I have a large amount of files under a root directory, with several sub-directories, and many of these sub-directories have similar files with similar names. I need to clean this up.

The filenames are of the format:

/path/to/dir/subdir/file name.dat
/path/to/dir/subdir/file name 1.dat

I want to keep only

/path/to/dir/filename.dat

and remove the other file. I have tried some tools including fslint, but it didn't work because the actual content of the files may vary slightly.

Help in creating a bash script or similar to weed out the unneeded files would be highly appreciated.

Thanks!

Scrutinizer · September 30, 2009, 4:17pm

If you have only single level subdirectories you could use

rm /path/to/dir/*/filename.dat

to delete all occurences of "filename.dat" in the subdirectories immediately underneath /path/to/dir/
or if you want also remove similar files you could e.g. try something like:

ls /path/to/dir/*/file*name*.dat

if it lists exactly the files you need to remove you can

rm /path/to/dir/*/file*name*.dat

smpatil4 · October 1, 2009, 11:39am

Unfortunately its not that straightforward.

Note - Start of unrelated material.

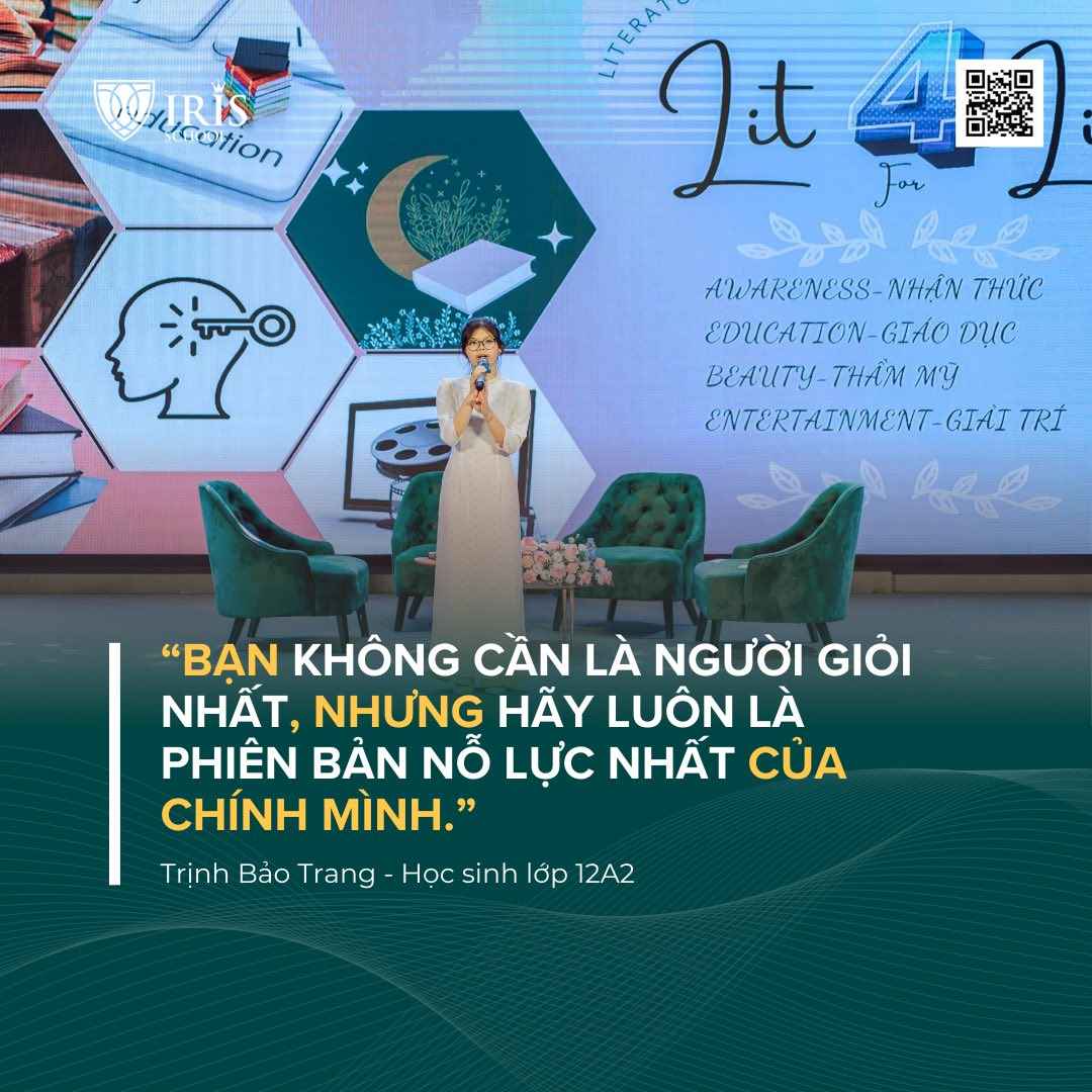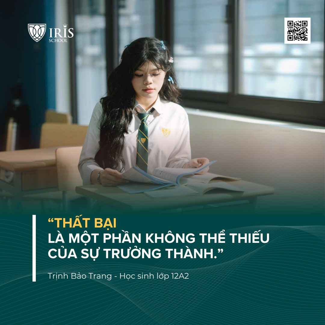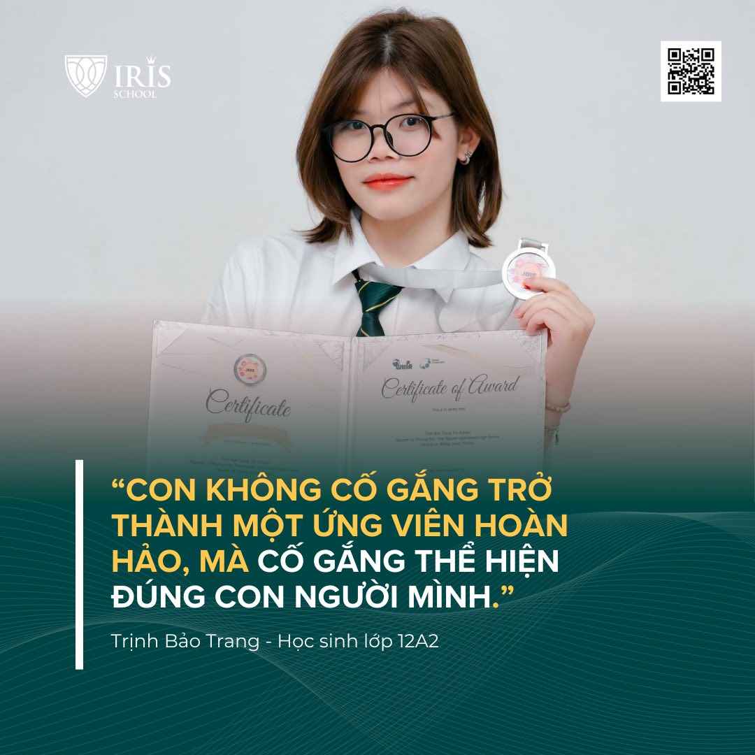 Trong hành trình chuẩn bị cho học bổng, Trang khẳng định Iris School chính là nền tảng vững chắc nhất. Tại đây, con không chỉ học kiến thức mà còn được sống trong một môi trường giàu cảm hứng – nơi khuyến khích học sinh dám thử, dám sai và trưởng thành từ những trải nghiệm thực tế. Những kỹ năng như phản biện, làm việc nhóm, quản lý thời gian hay sáng tạo nội dung đều được nuôi dưỡng từ chính các tiết học và hoạt động ngoại khóa tại trường.

For one, I don't know the file names beforehand. Also, the sub-directories are nested, up to three levels deep. There's a total of 30,000 files with an estimated 10,000 duplicates.

Let me try and clarify: I want to delete duplicate files. These duplicate files are in the same folder as the original and have a " 1" at the end of the filename. Some originals may also have the " 1" at the end of the filename, but duplicates for them don't exist.

Scrutinizer · October 1, 2009, 4:31pm

OK, that is quite a different requirement :). Assuming the duplicates always have " 1" at the end, followed by the extension ".dat", you could try this ksh/bash code:

BASEDIR='/path/to/dir'
ext='.dat'
duplext=' 1'
find "$BASEDIR" -type d | while read dir; do
  find $dir -name "*$ext" -maxdepth 1 -type f | while read file; do
    duplicate="${file%$ext}$duplext$ext"
    if [[ -f "$duplicate" ]]; then
      rm "$duplicate"
    fi
  done
done